For others who hold to (2), it will take form (2b), where this explanatory argument is taken as a primary aspect of the theologian’s claims about God, such that his or her account of God looks like it stands or falls by the success of this explanatory argument. In the strongest cases of (2b), God is presented as an explanatory hypothesis: the theologian believes in God because of the explanatory work that the God-claim does, and the content of the God concept is primarily dictated by the explanatory argument.

Dawkins’ chapter 4 presents a strong argument against claims of form (2); I accept that happily. But he presents this as cutting to the heart of belief in God per se, so appears to be assuming (2b) as the standard form of such belief.

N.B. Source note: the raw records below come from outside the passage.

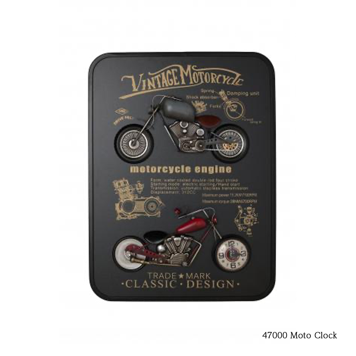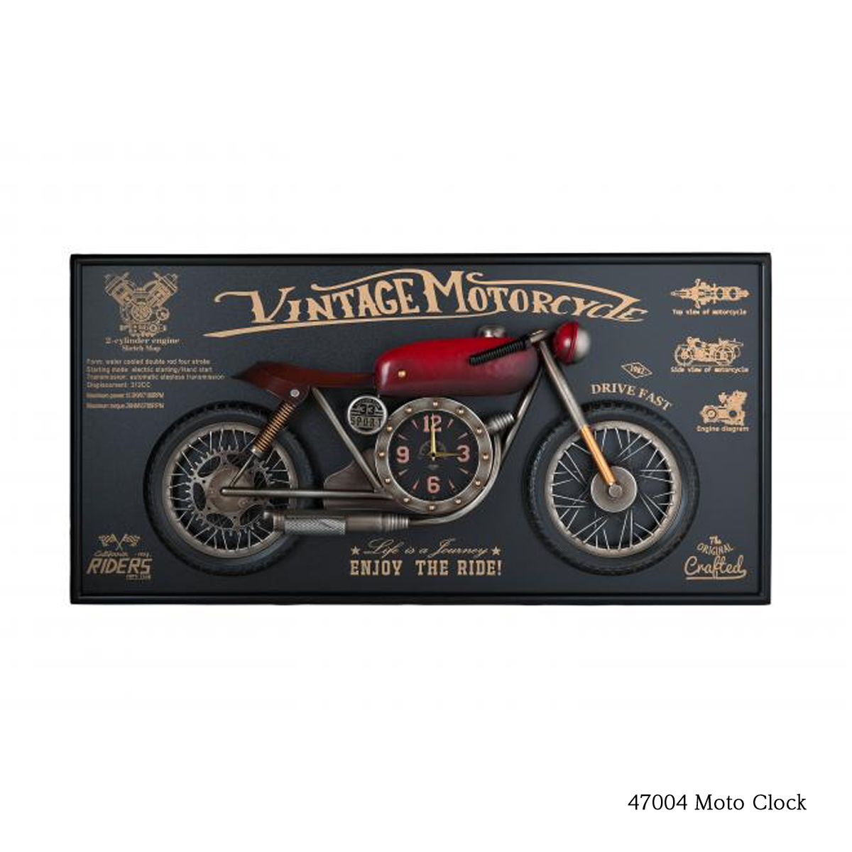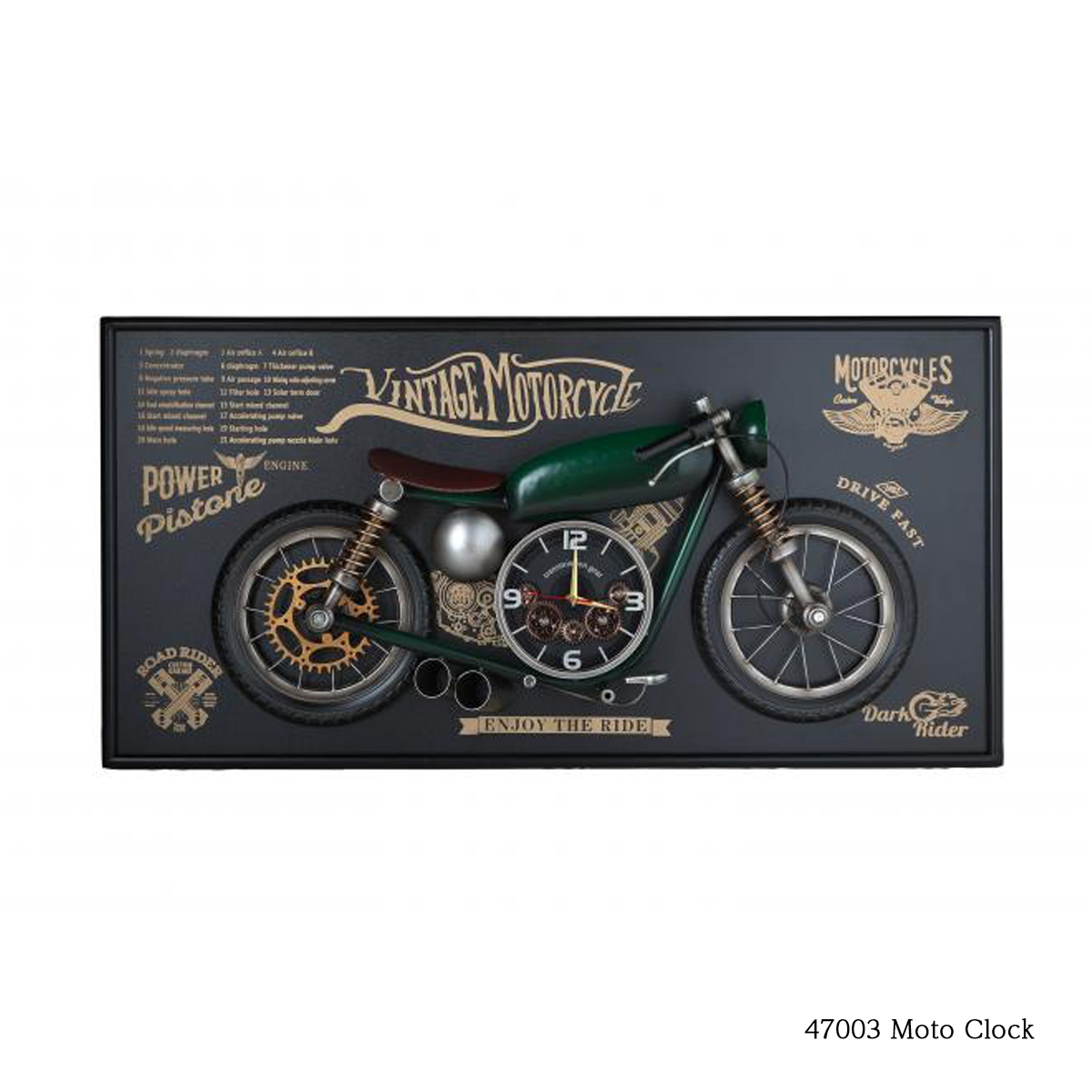 ヴィンテージモーターサイクルをモチーフにしたウォールクロックです。鉄製バイクオブジェと時計を組み合わせたインテリア壁掛け時計です。
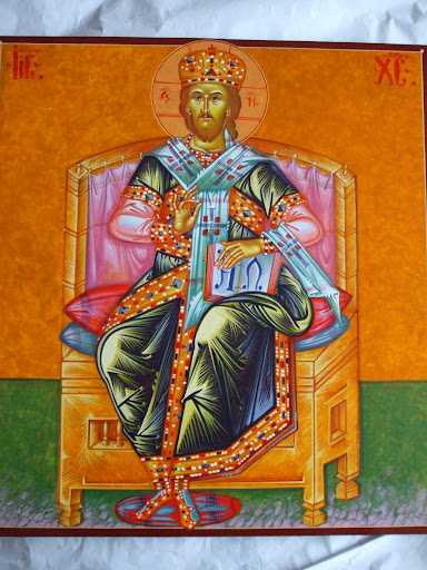 Ca idee, mai jos este o icoană canonică cu Hristos Împărat și Arhiereu.
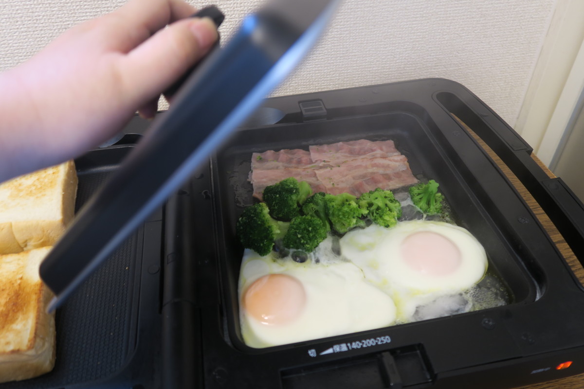 また、ホットプレートを朝食作りに活用するのもオススメ。食卓にいながら片面で食パンを焼き、もう片面でおかずが作れるので、キッチンを占有することもありません。その間、別の誰かがキッチンでお弁当作りに専念するといったことも可能です。
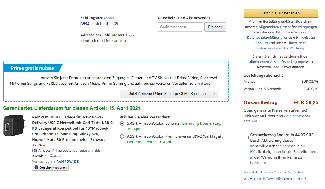 Bei Amazon gibts derzeit das USB-C-Ladegerät von RAMPOW mit 61W Ladeleistung und Power Delivery 3.0 Protokoll zum Aktionspreis von knapp 22 Franken. Einen Vergleichspreis zu finden ist eher schwierig, der einzige Schweizer Shop der es auch anbietet verlangt horrende CHF 100.50, ein anderes Noname-Ladegerät kostet bei Apfelkiste CHF 44.90.
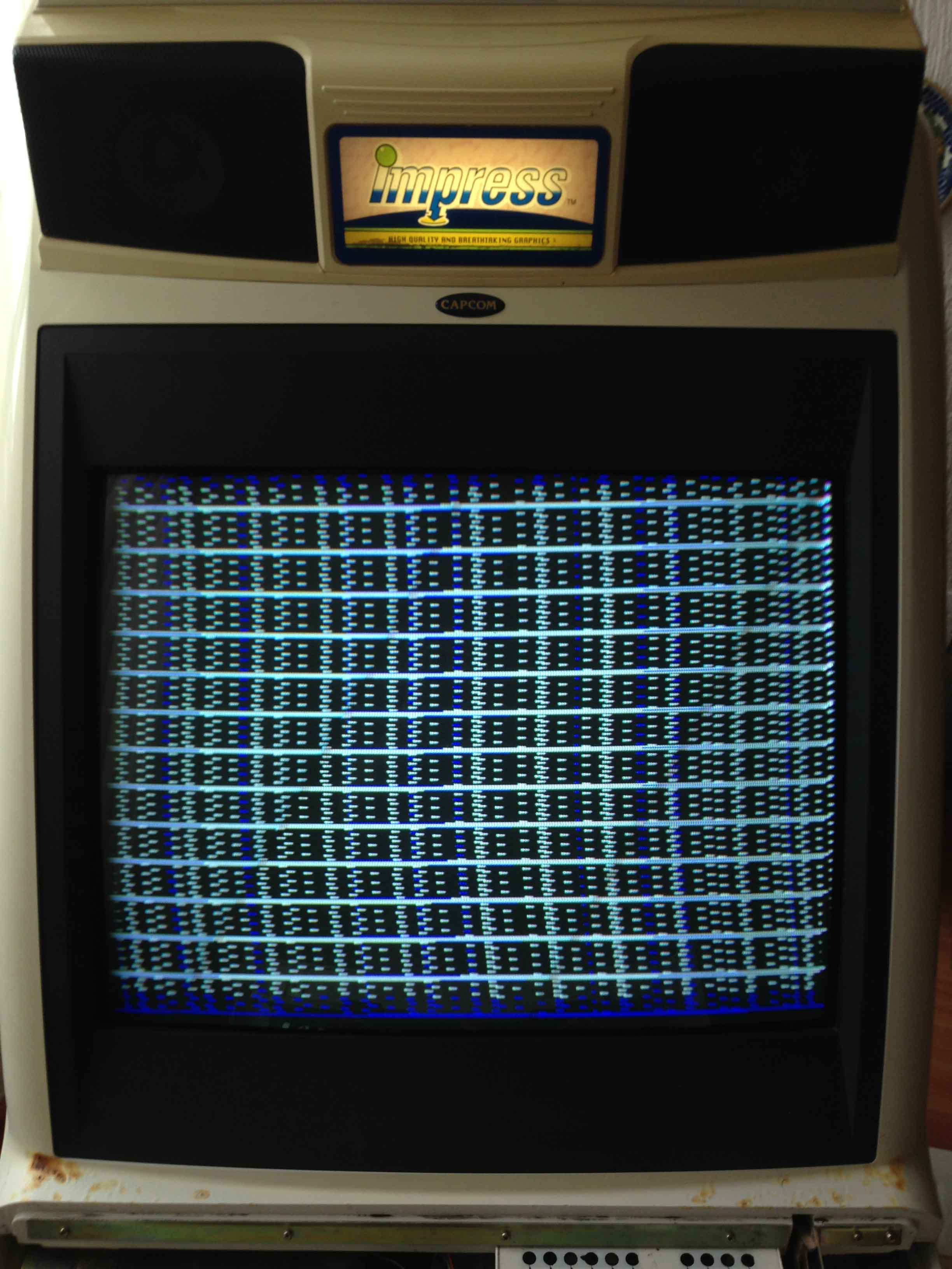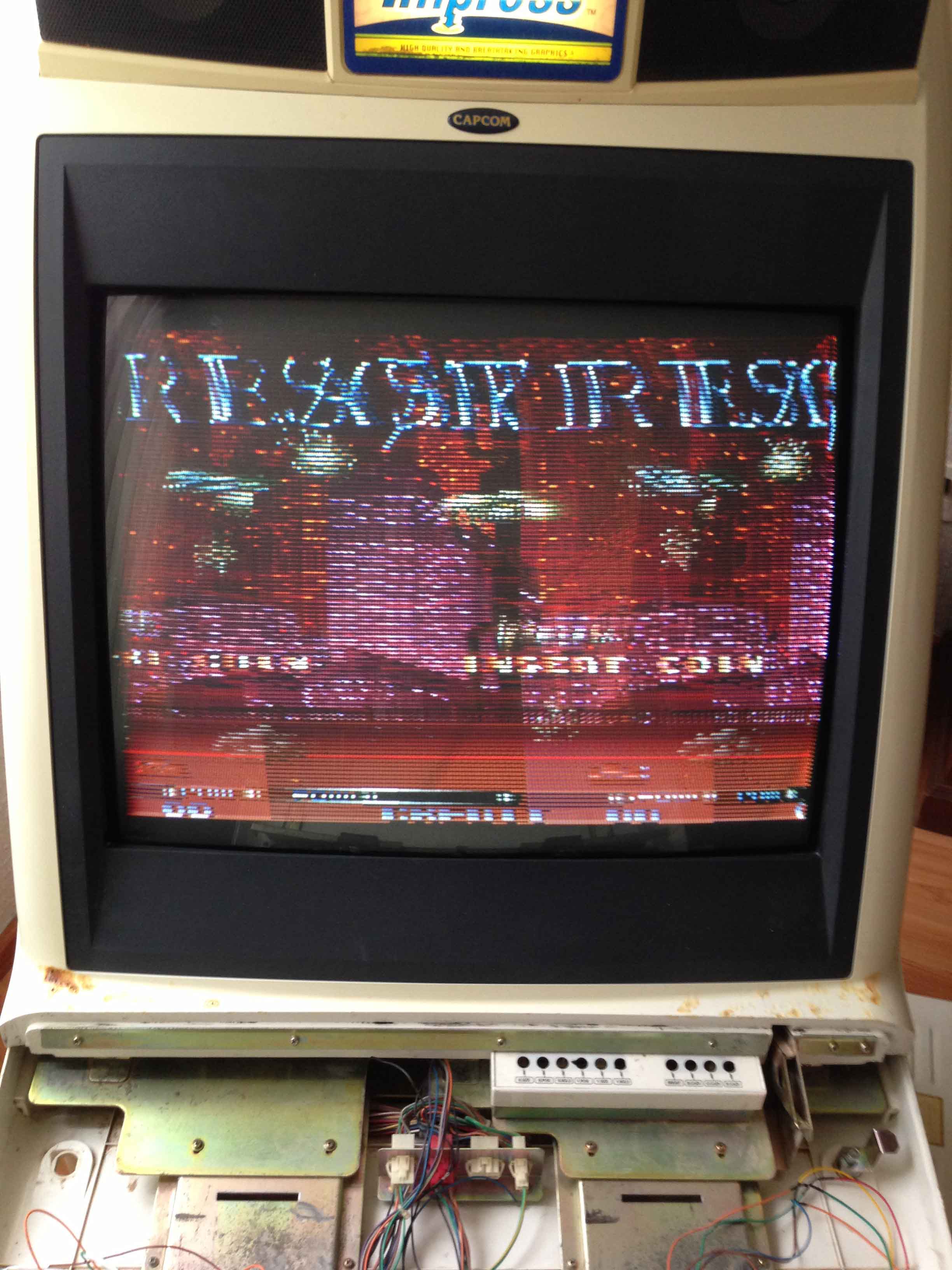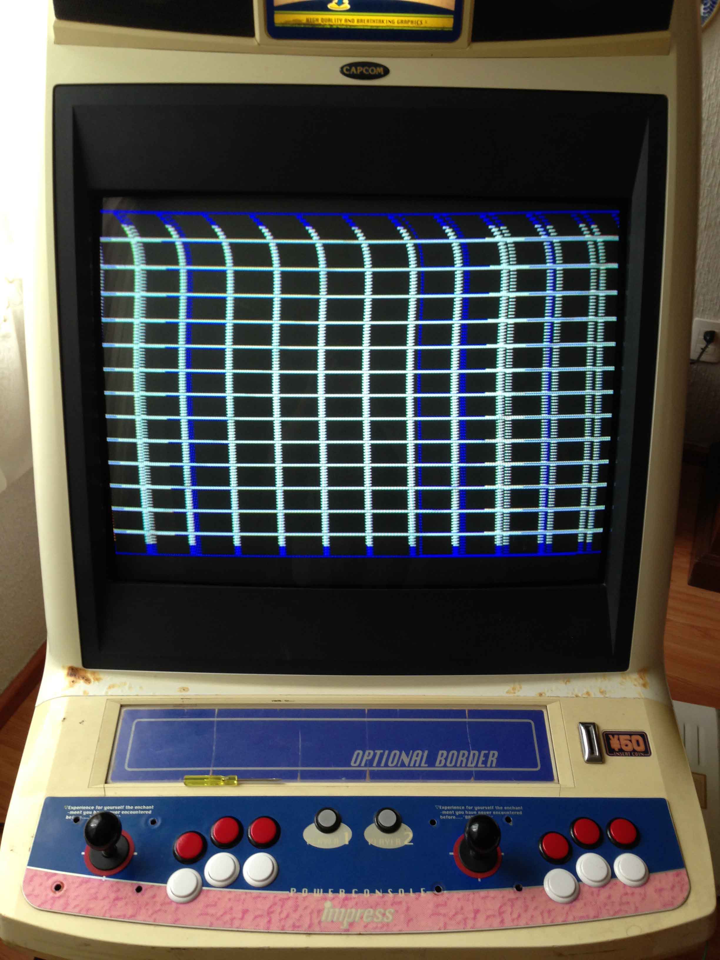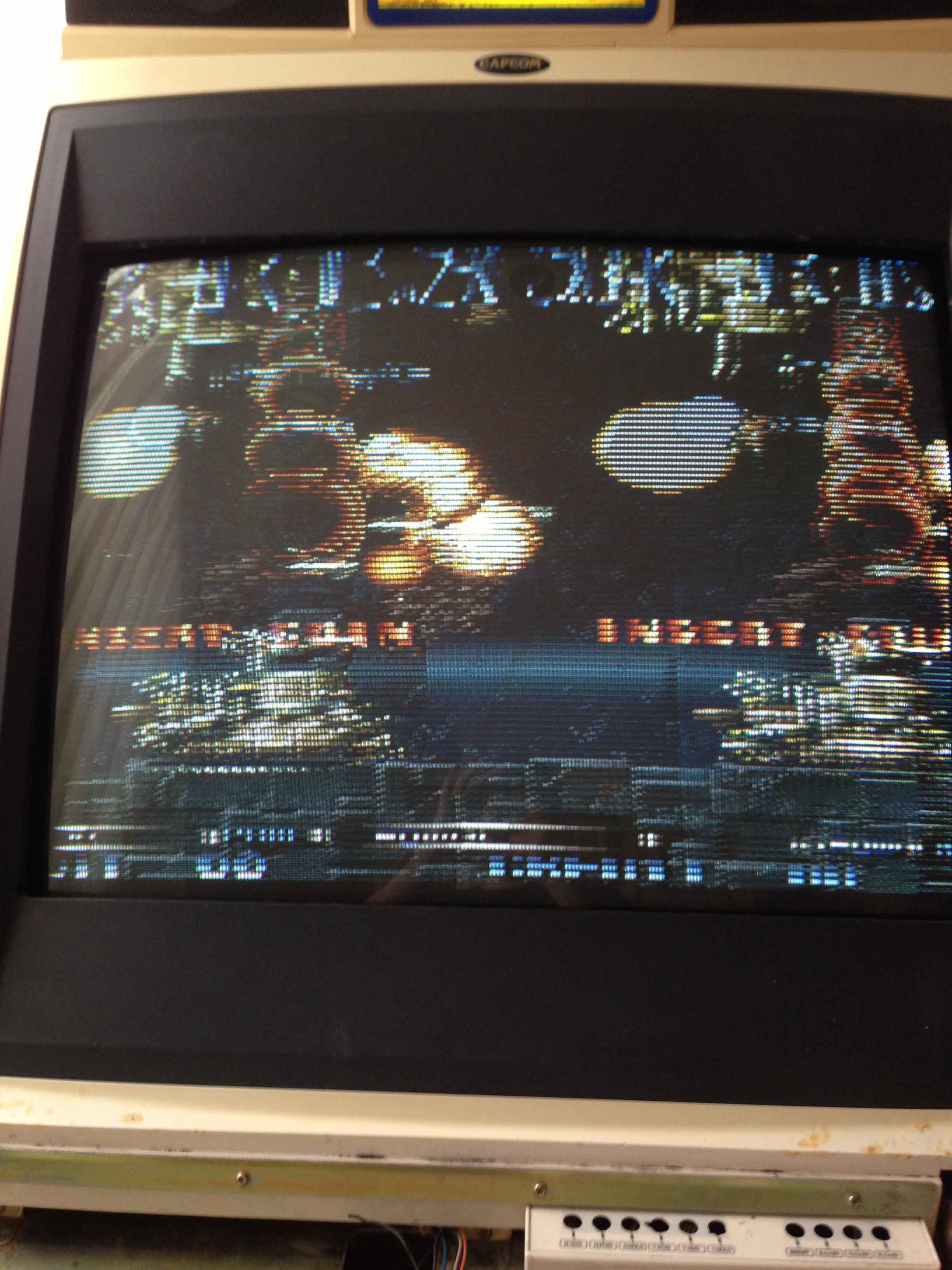 La única placa que tiene imagen sin problemas es con la que venía mi máquina, conseguí prestadas otras tres placas para probar que tal jalaban y resulta que todas tienen un problema de sincronía y por más que muevo los potenciómetros que controlan el V.HOLD y H.HOLD lo más que logro es sacar imágenes cortadas como las que verán en las imágenes. Esta semana estaré probando con diferentes técnicos que a sugerencia de Artemio es lo que más se recomienda, solamente subo esto para documentar y saber si alguien ha tenido el mismo problema y como lo ha solucionado.

Now, pretty much all Christian theology involves some version of claim (1). Quite a bit of Christian theology involves claims of some form like (2). Creationists are among those who present those latter claims in a form like (2b), and it is no surprise to find that they are the main (though not the only) antagonists cited in the chapter. Yet I think, as I have explained elsewhere, that (2b) is and can be shown to be a misrepresentation of Christian beliefs about God (and that includes being a misrepresentation of creationists’ own belief in God).

Personally, I accept (1); I am unconvinced so far by any form of (2) in its weaker form (2a), and I reject (2b). I can happily accept Dawkins’ attack on explanatory arguments of form (2), without finding it relevant to my belief in (1): my belief in God, and a creator God at that.

Claim 4: Dawkins’ argument can be partially salvaged – but the result is less immediately devastating to belief in God.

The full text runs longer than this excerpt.